Airway stents demand careful maintenance and adequate surveillance. Aerosol therapy on a daily basis is mandatory. We generally ask the patient to use a nebulizer three times a day. We recommend pneumatic nebulizers rather than ultrasound. This treatment seeks to maintain adequate humidification of the airway and facilitate clearance of secretions with coughing (many patients are initially afraid to cough). A follow-up visit is scheduled one week after the procedure in order to document proper compliance with all recommendations. Surveillance endoscopy is not necessary for at least one year following stent deployment unless respiratory symptoms are present (cough, dyspnea, or respiratory distress). Cigarette smoking should be avoided, otherwise nicotine deposits can accumulate on the stent as seen in the following endoscopy image.
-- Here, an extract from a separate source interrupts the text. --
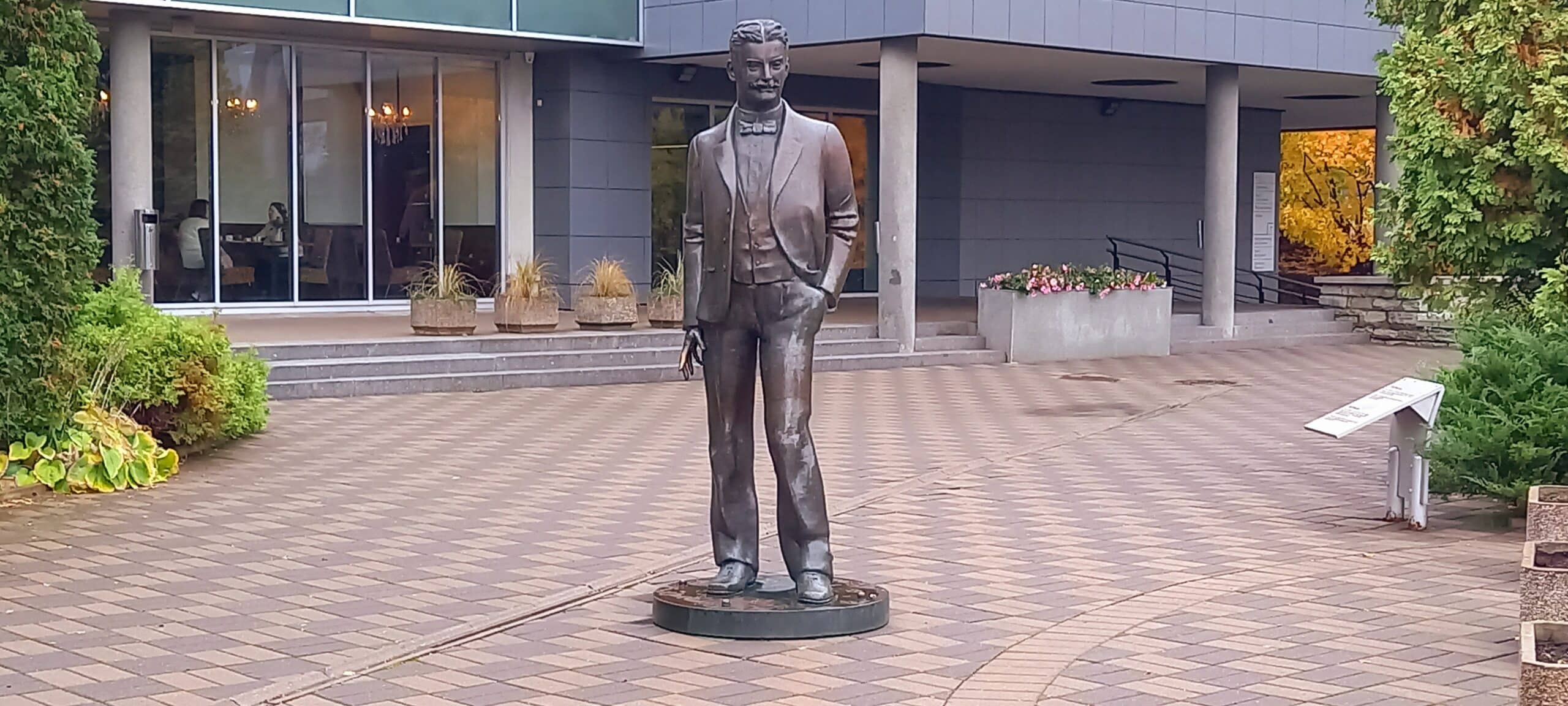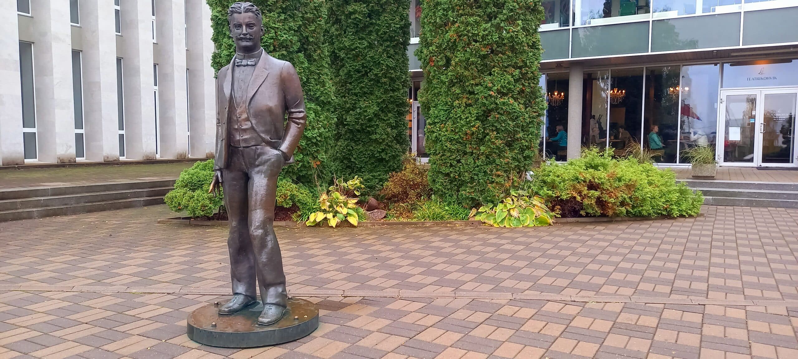 Karl Menning was the founder of professional theatre in Estonia and the first professional theatre and stage director in the country. He was the director of the Vanemuine Theatre from 1906 to 1914. His sculpture was created by Mare Mikoff and is unique for the fact that it can be turned on the spot.
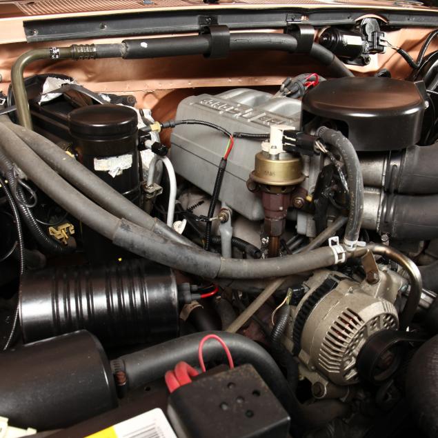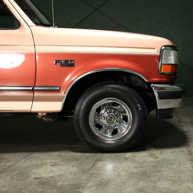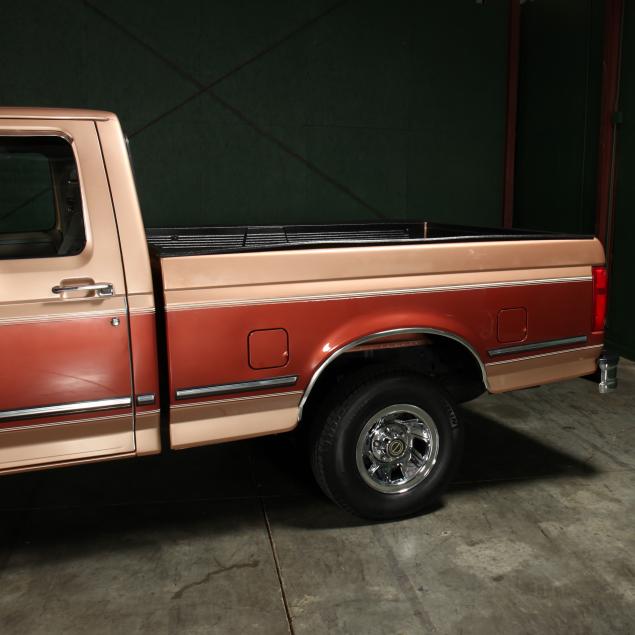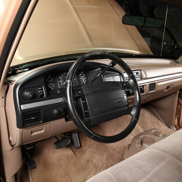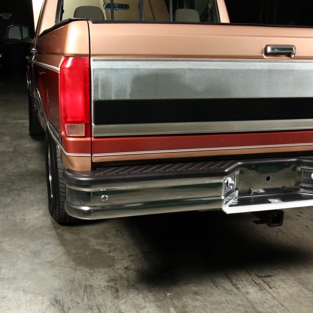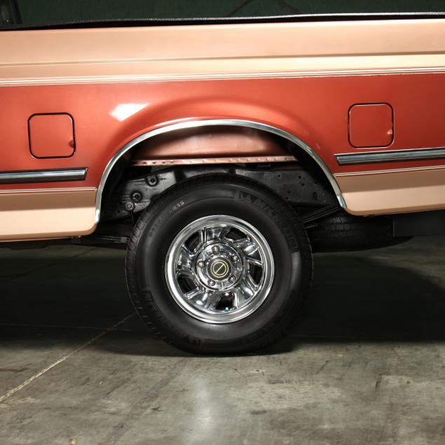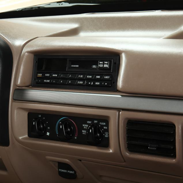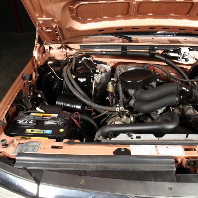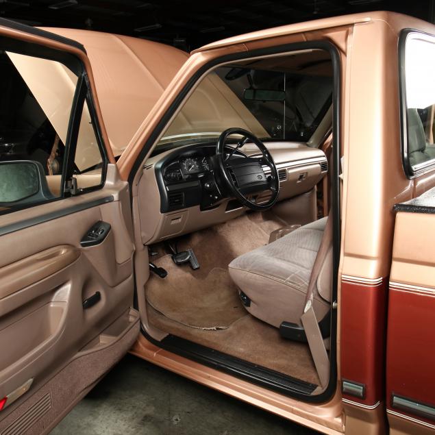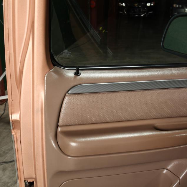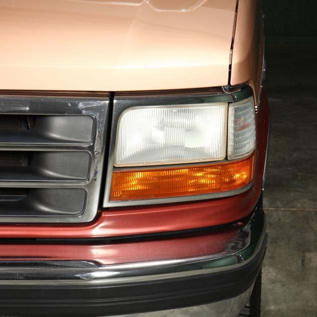 Exterior in two-tone Light Sante Fe and Medium Palomino metallic paint with chrome trim, wheels and bumpers. Interior with Saddle Brown trim and a cloth covered bench seat with folding armrest and cupholders. Equipped with dual fuel tanks, air conditioning, additional power port, power windows and locks, steering wheel mounted cruise control, original am/fm/cassette player, vent windows, window shades, and sliding rear window.

Stent related complications

Complications associated with stent placement are uncommon and rarely life-threatening. Three serious complications are worth mentioning ; stent obstruction, migration, and granulomatous inflammation. All three may present with similar symptoms, including ; respiratory distress, intractable coughing, and/or trouble clearing secretions. Emergent fiberoptic bronchoscopy should be planned any time a serious complication is suspected. In such cases, it is best to proceed with anesthesia consultation and consider hospitalization. Rigid bronchoscopy might be necessary in case stent removal or replacement are indicated.

Stent removal and/or replacement

Most stents are temporary solutions to transient airway stenosis. This is always the case with benign indications, especially tracheal stenosis. In case the stenosis is malignant, silicone stents may be left in place as definitive palliative therapy or replaced as needed depending on the patient’s evolution. Silicone stents can be removed at all times (in contrast to metallic stents), even after prolonged periods of time. Removal of a silicone stent requires grasping the stent with the rigid bronchoscopic forceps and turning it 360 ° in order to release the studs. The stent is then partially retracted into the bronchoscope and the entire ensemble is then removed from the airway. On occasion, the scissors are used to cut long stents which have been in place for years, in order to facilitate their removal.